|Sep 13, 2004, 12:16 AM|
Anybody know about this covering?
This Bomber is covered in an Aluminum finish called "Skinni Dip" and it only added 8 ounces to an aircraft this size!
Apparently it's an aluminum paste that's applied after the model is sprayed with an adhesive. The excess is wiped off and you're left with an ultra thin aluminum skin that's clearcoated I'd imagine. That's all I've heard but does anybody here know about this stuff. Is it any good? The only place I can find it available is here:
Looks amazing on that bomber.
Edited 1st URL
|Sep 13, 2004, 07:31 PM|
Boourns, Booourns! Man I really gotta change my handle. If I hear one more joke about the Hammock District or the Denver Broncos....
|Sep 13, 2004, 11:18 PM|
Metalized Polyester Tape Application for R/C Aircraft.
By Carl Bachhuber
Some of you have asked how I simulate the aluminum finish on some of my scale aircraft. Since the 1980's I've been experimenting with types of Metalized Polyester(MP) tape. 3M and others manufacture it mostly for silk screening, and slide masking. It also can be used as I've found on model aircraft.

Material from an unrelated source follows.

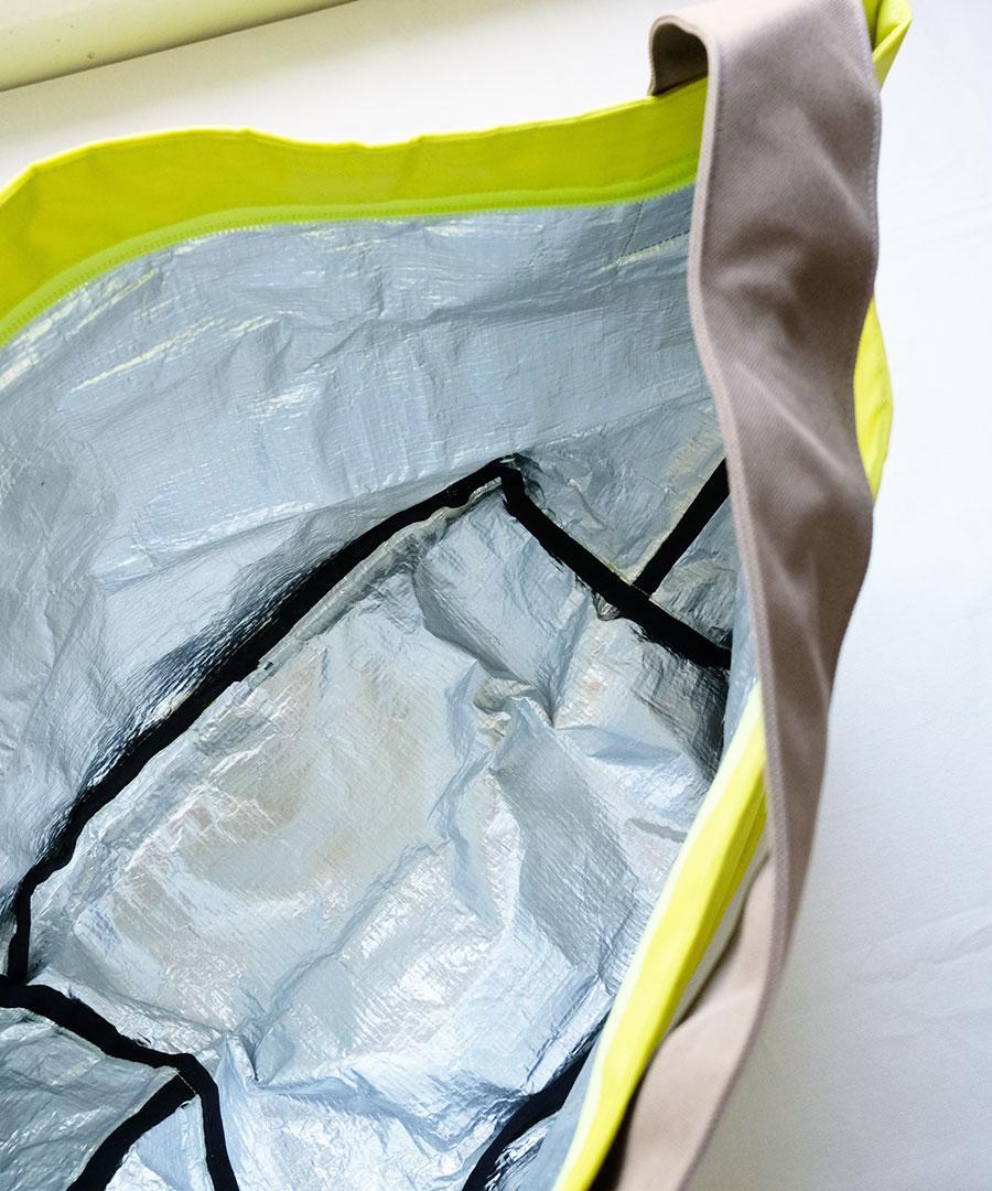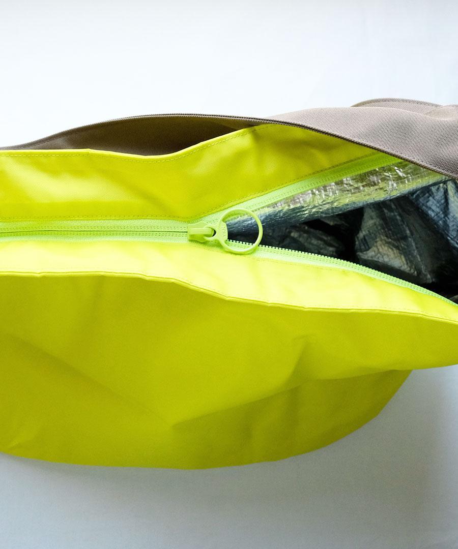 たたんでコンパクトに持ち運びできる保冷のショルダーバッグ。

Well let me give you some of the advantages. Unlike heat shrink coverings this will not bubble or loosen over time. I've had it on one airplane for over 12 years and it really looks as good as the day I put it on. It is much stronger than plastic films. It is easily repaired. Applying the tape is a fairly fast process and it can also be painted. The tape is impervious to Gasoline, Methyl Ethyl Ketone(MEK) and most other thinners. It is lighter in weight than most paints. It is about 2 mils thick and is non-conductive. Mixing and matching different types of materials such as aluminum tape, paint and MP tape can create a very realistic finish.
Disadvantages. Well, the biggest disadvantage is the limited ability of the tape to conform to compound curves. A bit of heat helps but if the curves are too sharp you may need to cut the tape or come up with a different method of metal covering simulation to achieve a satisfactory result. MP tape is for covering solid surfaces not open bays.

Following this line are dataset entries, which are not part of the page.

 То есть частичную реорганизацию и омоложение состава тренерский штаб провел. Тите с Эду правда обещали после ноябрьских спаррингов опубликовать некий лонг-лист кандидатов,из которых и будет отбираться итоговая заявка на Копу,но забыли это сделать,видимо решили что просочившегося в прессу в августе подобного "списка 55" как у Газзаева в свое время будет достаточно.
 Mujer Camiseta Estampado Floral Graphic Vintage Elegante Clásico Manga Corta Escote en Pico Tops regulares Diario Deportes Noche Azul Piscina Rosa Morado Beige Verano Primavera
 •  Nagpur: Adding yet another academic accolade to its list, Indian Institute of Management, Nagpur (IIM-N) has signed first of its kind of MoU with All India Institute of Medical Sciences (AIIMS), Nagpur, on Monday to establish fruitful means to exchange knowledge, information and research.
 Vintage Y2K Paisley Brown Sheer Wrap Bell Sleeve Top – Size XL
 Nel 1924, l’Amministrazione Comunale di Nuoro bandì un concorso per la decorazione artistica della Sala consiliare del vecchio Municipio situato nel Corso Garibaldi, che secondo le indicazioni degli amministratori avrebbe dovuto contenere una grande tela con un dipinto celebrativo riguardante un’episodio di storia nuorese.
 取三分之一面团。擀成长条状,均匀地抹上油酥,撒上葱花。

Prepare the model the same way you would for paint. I usually cover the model with a 3/4 oz. glass cloth and a laminating epoxy although polyester resin can be used also. I use an acrylic auto primer after the model has been sanded. Instead of spraying on the primer try using a short nap small paint roller. Seems to be a very fast process with no overspray. Sand and fill till your satisfied. Remember, too much sanding is never enough. Once satisfied, wash and wipe down the model so that it is as close to clean as possible. You should now be ready to apply the tape. I use a squared sheet of metal as a cutting board. Since the tape has an aggressive adhesive on one side put that side to the cutting board and unroll a length. Cut into the desired panels. Buff with Scotch-brite if you want that abused aluminum look instead of a mirror finish. Make sure you have removed all particles from that process and the aircraft lest you should have contamination under the tape after it is applied. Now, raise an edge of the panel with a Xacto knife and peal it off the cutting board. Place the panel on the desired spot on the model and press from the middle of the panel to the outside to keep air entrapment to a minimum. You might also want to keep a covering iron on a high setting while your working as it can be helpful on minor compound curves. Again work from the inside out. Don't worry if you screw up a panel just peel it off and reset or toss it out.

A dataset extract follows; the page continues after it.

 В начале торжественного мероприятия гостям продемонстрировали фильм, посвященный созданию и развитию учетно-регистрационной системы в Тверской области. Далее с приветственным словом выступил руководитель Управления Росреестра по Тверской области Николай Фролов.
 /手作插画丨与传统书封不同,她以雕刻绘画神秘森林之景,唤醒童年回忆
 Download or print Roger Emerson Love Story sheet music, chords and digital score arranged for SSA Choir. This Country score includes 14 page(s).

After your finished applying the panels you might want to try simulating rivets by using r/c 56 glue for raised rivets. In the case of flush rivets the hot tip of a wood burning tool shaped like a rivet works very well although it takes too much time for me. Instead I came up with a "dritz wheel" like tool with brass tubing spokes which does an acceptable job of making rivets fast.
If you want to experiment with this material it can be found in manufacturers directories under specialty tapes. Look for 3M #850 or equivalent. One company Specialty Tapes uses the part number #298 Silver metallic tape in their catalog. Don't be afraid to shop around. There are others. Good luck!